The GrafGen package is for classifying Helicobacter pylori genomes
according to genetic distance from nine reference populations as defined
by equation 2 in Jin (2019). The main function is this package is
grafGen()
which requires a file of genotypes that can be
either a PLINK bed file or a VCF file.
if (!requireNamespace("BiocManager", quietly = TRUE))

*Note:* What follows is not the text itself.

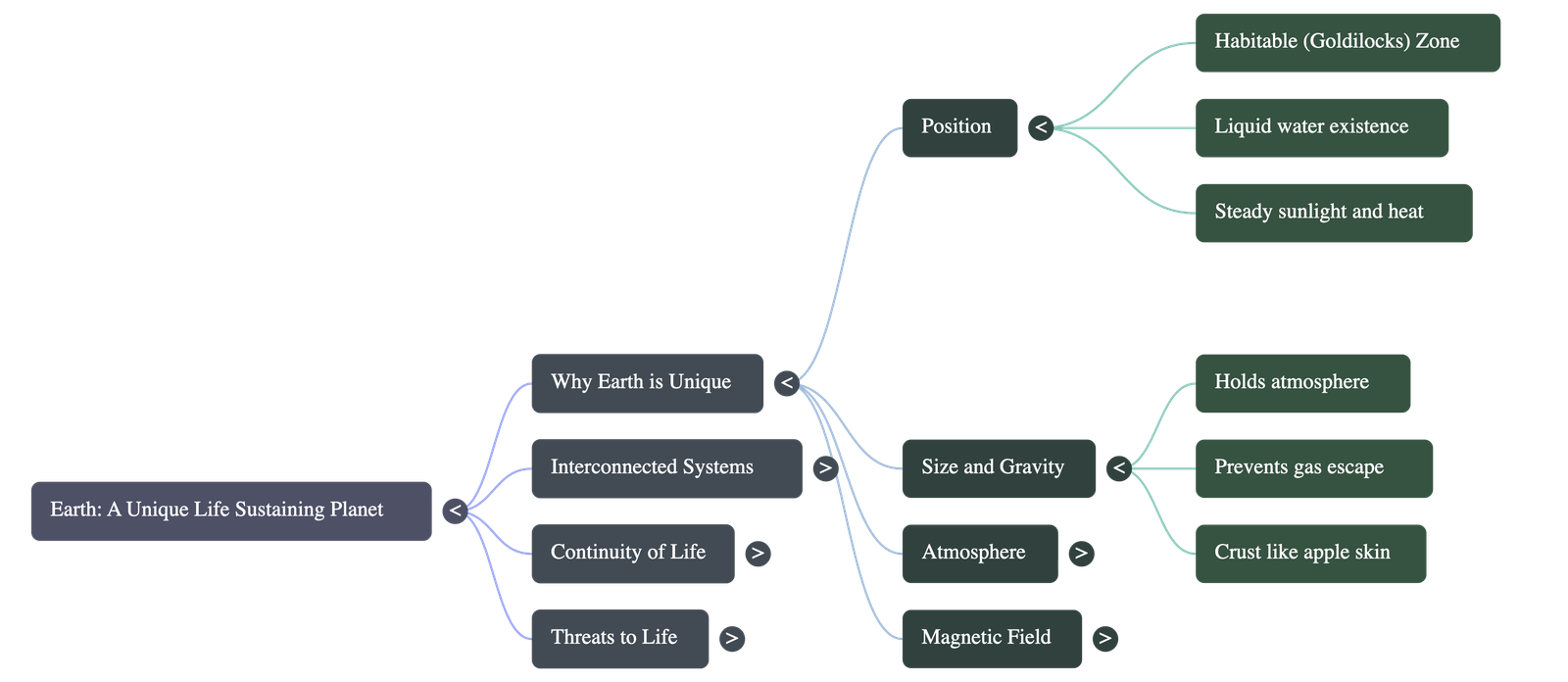 - Size and Gravity: Earth is large enough to have sufficient gravity to hold onto its atmosphere, but not so massive that its gravity crushes living beings.
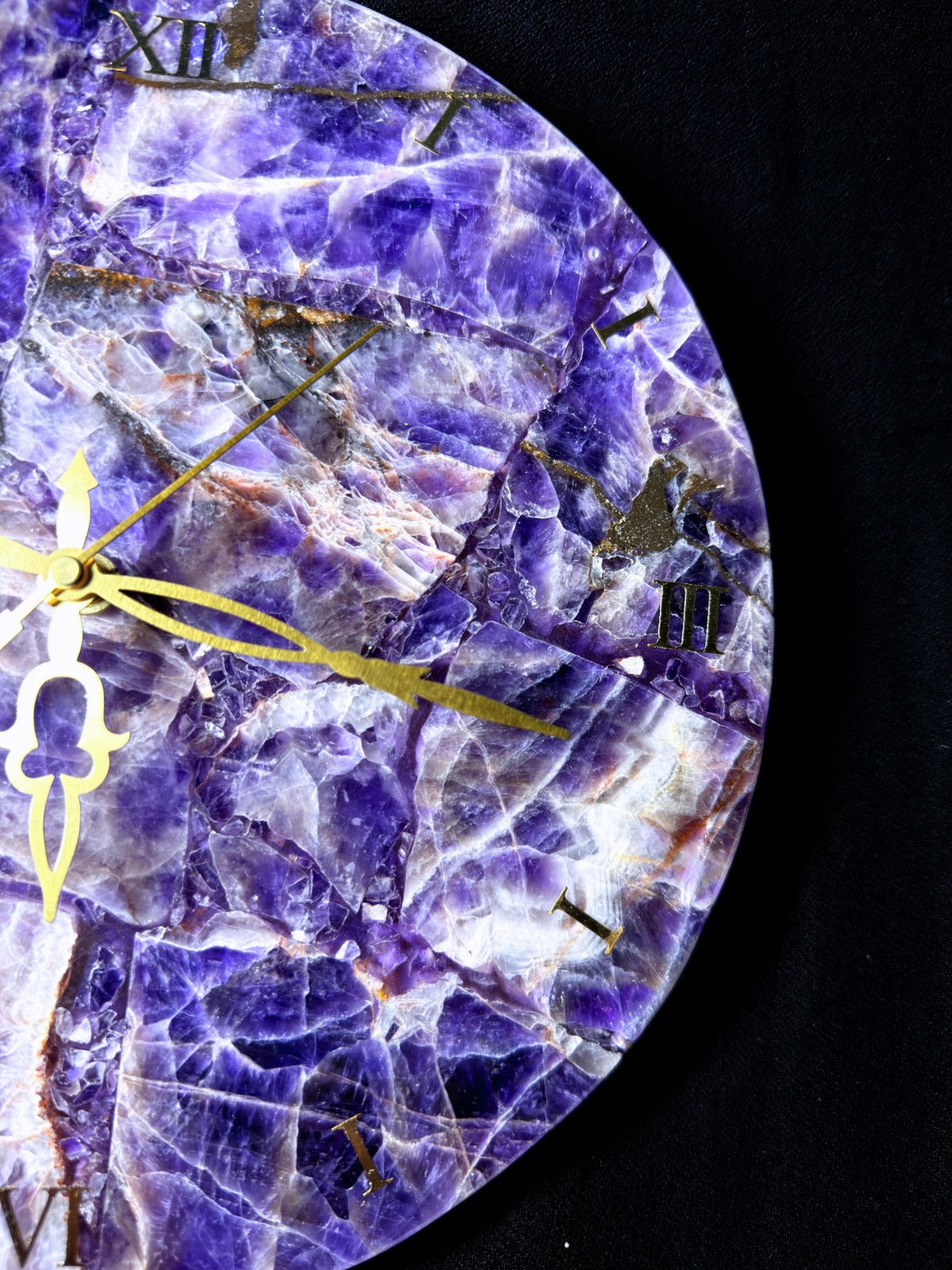 A radiant timepiece carved from Amethyst, this round wall clock blends form and function with spiritual elegance. Amethyst is known to promote peace and intuition—ideal for intentional living spaces and wellness corners.

install.packages("BiocManager")
BiocManager::install("GrafGen")
Before using the GrafGen package, it must be loaded into an R session.
library(GrafGen)
The GrafGen package includes example data which is a subset of the reference data that was used to train the model. The data is stored in the extdata folder.
dir <- system.file("extdata", package="GrafGen", mustWork=TRUE)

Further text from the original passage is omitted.